Copy out each line of the data that includes the string "argenté".
=== Begin Enclosure ===
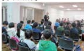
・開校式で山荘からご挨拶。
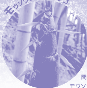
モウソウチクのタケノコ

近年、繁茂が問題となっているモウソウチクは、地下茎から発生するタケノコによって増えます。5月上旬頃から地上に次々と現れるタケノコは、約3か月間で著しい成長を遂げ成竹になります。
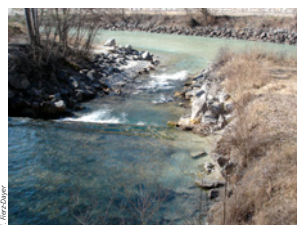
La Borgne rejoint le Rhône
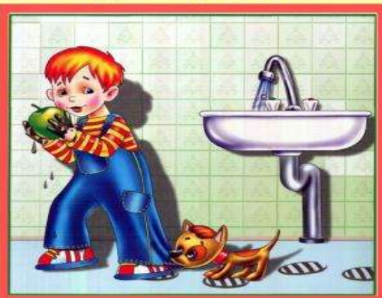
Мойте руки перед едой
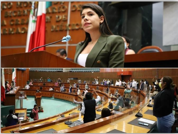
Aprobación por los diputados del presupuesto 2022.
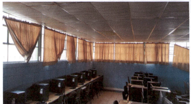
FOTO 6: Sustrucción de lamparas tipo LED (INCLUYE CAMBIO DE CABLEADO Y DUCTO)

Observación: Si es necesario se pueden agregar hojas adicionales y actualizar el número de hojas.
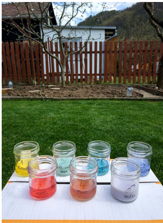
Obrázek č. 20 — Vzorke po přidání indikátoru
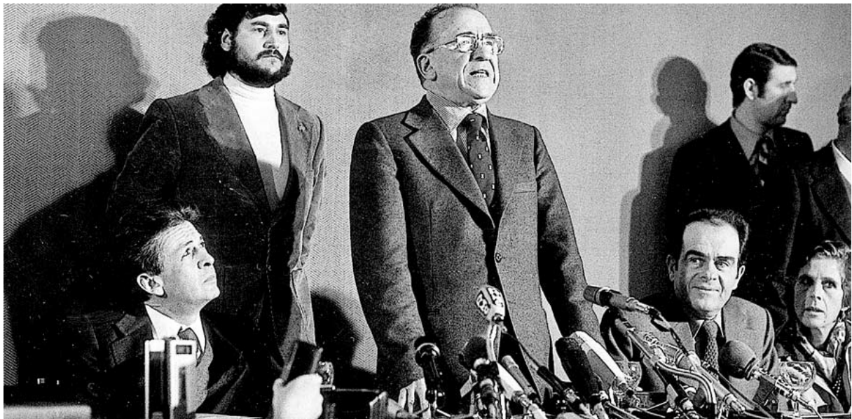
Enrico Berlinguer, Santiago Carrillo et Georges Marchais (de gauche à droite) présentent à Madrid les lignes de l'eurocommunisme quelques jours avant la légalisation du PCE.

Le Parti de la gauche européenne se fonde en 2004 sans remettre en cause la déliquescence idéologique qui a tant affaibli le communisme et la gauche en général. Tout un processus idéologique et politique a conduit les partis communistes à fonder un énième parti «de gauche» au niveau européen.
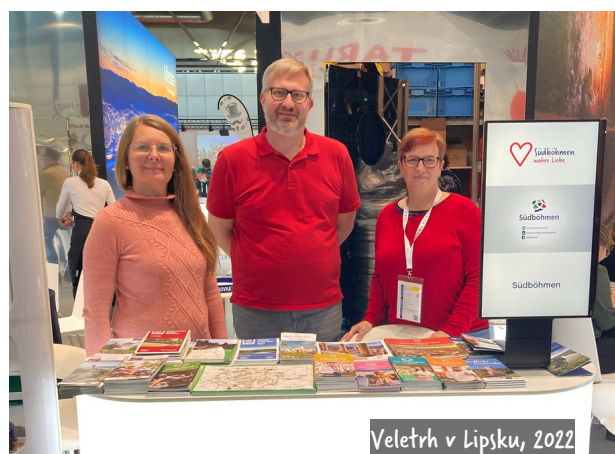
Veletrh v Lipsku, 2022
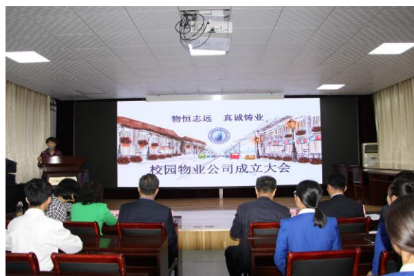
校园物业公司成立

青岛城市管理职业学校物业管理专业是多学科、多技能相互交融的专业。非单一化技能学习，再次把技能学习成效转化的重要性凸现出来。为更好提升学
=== End Enclosure ===
=== Begin Enclosure ===
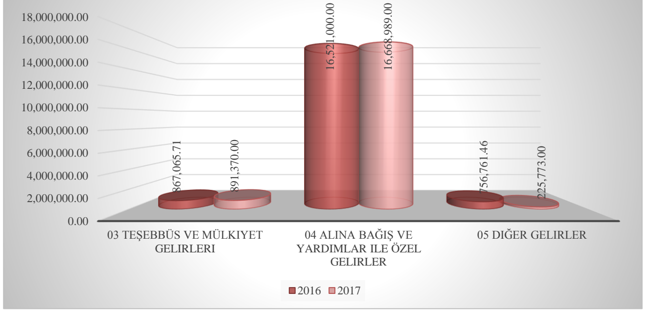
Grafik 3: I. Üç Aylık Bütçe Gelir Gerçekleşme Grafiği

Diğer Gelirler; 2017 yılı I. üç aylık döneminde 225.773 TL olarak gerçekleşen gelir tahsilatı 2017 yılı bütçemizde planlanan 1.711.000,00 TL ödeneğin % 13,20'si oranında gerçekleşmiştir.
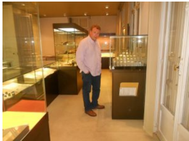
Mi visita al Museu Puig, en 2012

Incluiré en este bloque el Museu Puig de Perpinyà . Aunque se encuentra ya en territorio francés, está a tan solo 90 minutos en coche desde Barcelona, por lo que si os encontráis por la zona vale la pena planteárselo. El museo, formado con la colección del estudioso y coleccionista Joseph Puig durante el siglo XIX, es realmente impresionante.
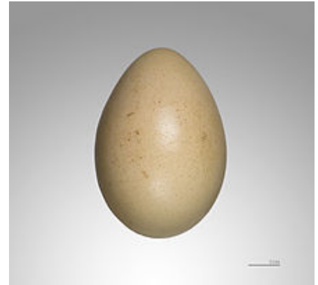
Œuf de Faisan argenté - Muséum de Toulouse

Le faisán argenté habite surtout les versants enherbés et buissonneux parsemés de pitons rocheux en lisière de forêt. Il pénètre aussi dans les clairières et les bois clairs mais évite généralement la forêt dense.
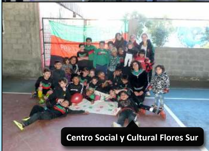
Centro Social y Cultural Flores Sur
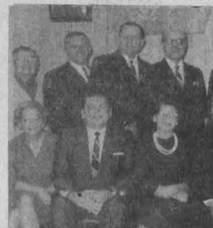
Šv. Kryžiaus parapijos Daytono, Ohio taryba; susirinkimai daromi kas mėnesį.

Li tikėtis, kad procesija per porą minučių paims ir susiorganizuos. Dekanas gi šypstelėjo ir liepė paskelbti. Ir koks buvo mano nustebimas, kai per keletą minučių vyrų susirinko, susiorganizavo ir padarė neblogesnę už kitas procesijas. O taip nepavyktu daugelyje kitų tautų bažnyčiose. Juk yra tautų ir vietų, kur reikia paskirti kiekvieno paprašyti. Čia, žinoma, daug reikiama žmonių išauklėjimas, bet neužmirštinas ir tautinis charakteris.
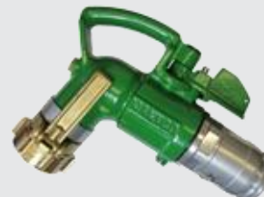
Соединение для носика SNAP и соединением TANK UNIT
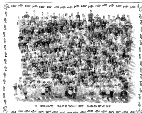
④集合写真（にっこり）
=== End Enclosure ===
- **Final answer**:
Œuf de Faisan argenté - Muséum de Toulouse
Le faisán argenté habite surtout les versants enherbés et buissonneux parsemés de pitons rocheux en lisière de forêt. Il pénètre aussi dans les clairières et les bois clairs mais évite généralement la forêt dense.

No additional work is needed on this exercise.